An Australian couples therapist says celebrating Valentine’s Day could save your relationship in the future.
Dee Tozer, from Melbourne, who has more than 30 years’ experience, says that of the 5,000 struggling couples she has worked with, almost all had no interest in celebrating the day.
Between her sessions with clients, she has noted four common reasons couples choose not to recognize the annual day.
‘It is my responsibility, and a personal investment, to check in with my partners at 12 months and two years after working with me. Ninety-four percent (without cheating), 96 percent, after cheating, report doing well and haven’t looked back,” says Dr. Tozer.
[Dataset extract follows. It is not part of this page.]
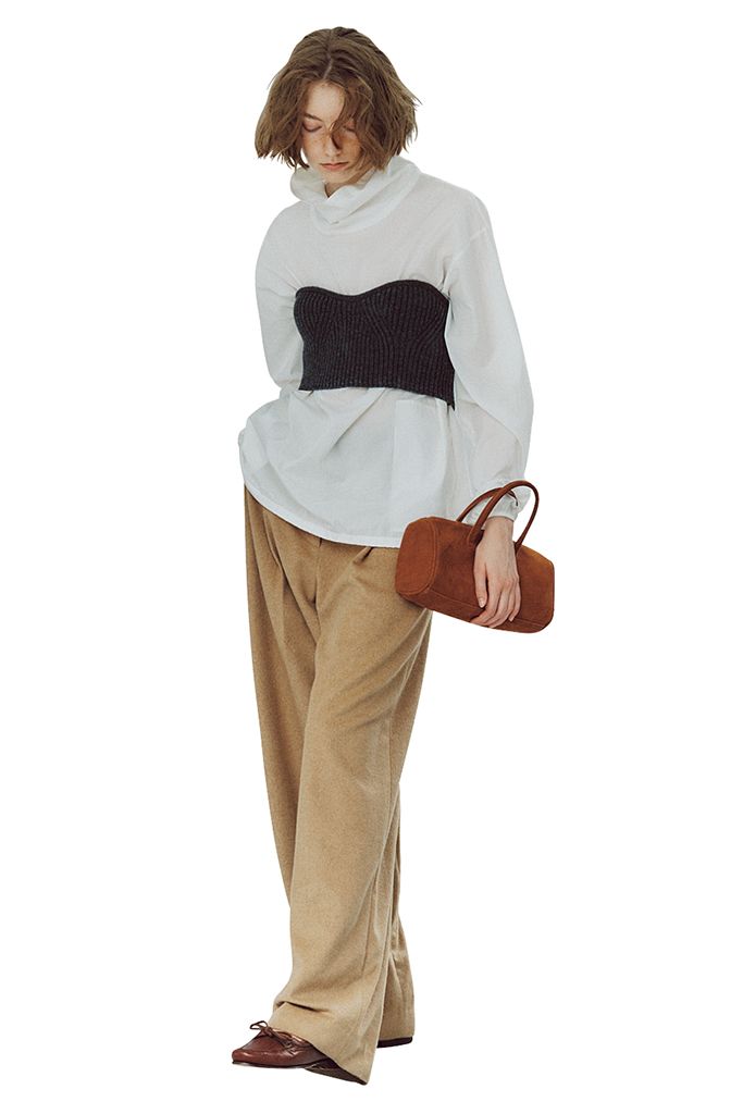 濃紺×深いグレーのトラッドな配色をベースに、インテリな表情をキープ。胸下までとどくハイウエストパンツでIラインを強調すれば、テクニック不要でスタイルアップものぞめる。気品をおぎなう起毛感のあるウール地。
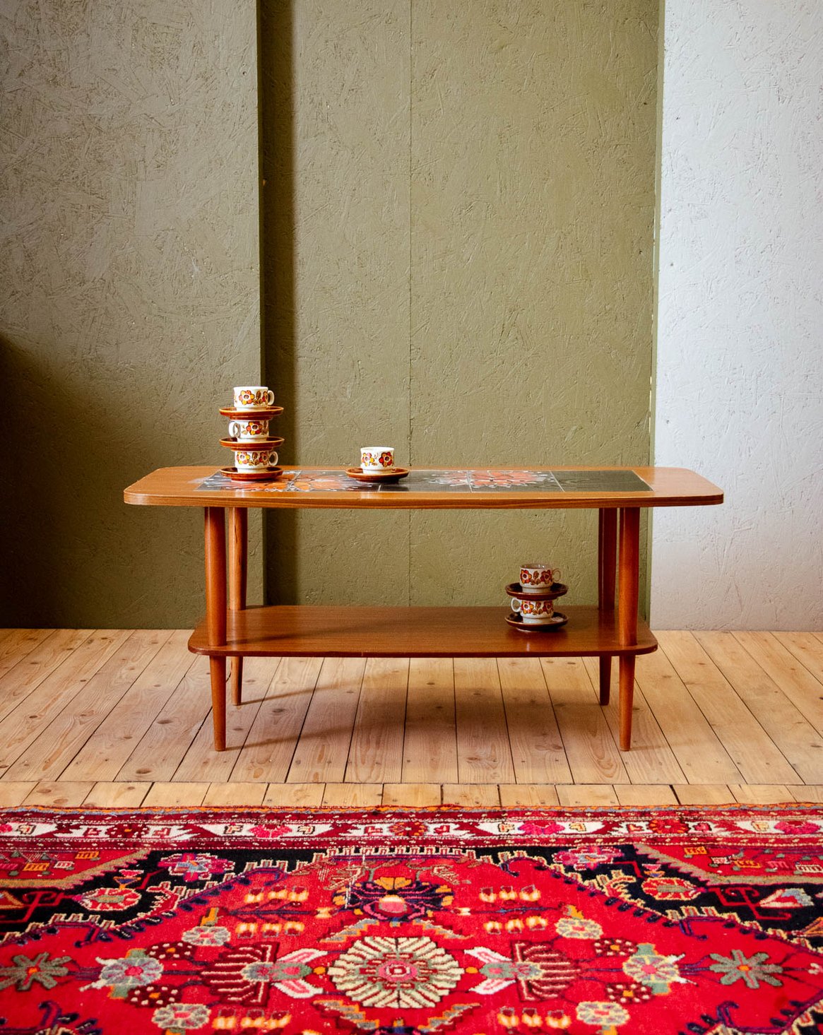 Sublimez votre salon avec cette table basse scandinave des années 60 en teck, qui marie la patine chaude du bois à un plateau en carreaux de céramique émaillé au décor fleuri. Ses pieds fuseaux et sa tablette inférieure offrent des proportions équilibrées et un rangement discret pour livres ou objets, idéale dans un espace de taille moyenne. Son allure sobre apporte une note rétro, poétique et chaleureuse à votre intérieur.

Mama Mia.
Dee Tozer (pictured, centre), from Melbourne, who has over 30 years’ experience, says that of the 5,000 couples she has worked with, almost all had no interest in celebrating Valentine’s Day.
While many believe that Valentine’s Day is now over-commercialized and used as a ploy to make money, the day dates back to the fifth-century Romans, but it wasn’t linked to romance until the 14th century.
Some couples may believe that love should be celebrated every day and not limited to a single day of the year, when cards, chocolates and roses go up in price.
But those who don’t recognize the day also risk feeling left out.
Dr. Tozer also believes that Valentine’s Day is an opportunity for couples to focus on their relationship and celebrate their love.
“Sometimes I compare a relationship to a merry-go-round, it’s fun but it loses its excitement with every turn. It’s easy to lose sight of why they got on the ride in the first place,” she said.
‘The priority of taking time to surrender to the love of the other is diluted to the point that not celebrating that love becomes the norm.’
Couples with children often have little to no time for themselves, let alone romance; they usually focus all their energy on the children’s schedules.
Juggling work, kids, family, social activities, playing sports, parents can be exhausted by the end of the week.
Valentine’s Day gives couples an excuse to get a babysitter, go out to dinner, and spoil each other.
Dr. Tozer believes that Valentine’s Day is an opportunity for couples to focus on their relationship and celebrate their love. “Sometimes I compare a relationship to a merry-go-round, it’s fun but it loses its excitement with every turn. It’s easy to lose sight of why they got on the ride in the first place,” he said (file image)
Dr. Tozer says she has heard several complaints from men and women about how they act in response to common misconceptions.
For example, some may argue that Valentine’s Day is about the husband’s wife-hunting, when the day should be about celebrating the relationship in its entirety.
Dr. Tozer says she’s heard men complain that they bought their partner flowers and gifts without even getting a thank you in return, while women may believe their partner just wants sex.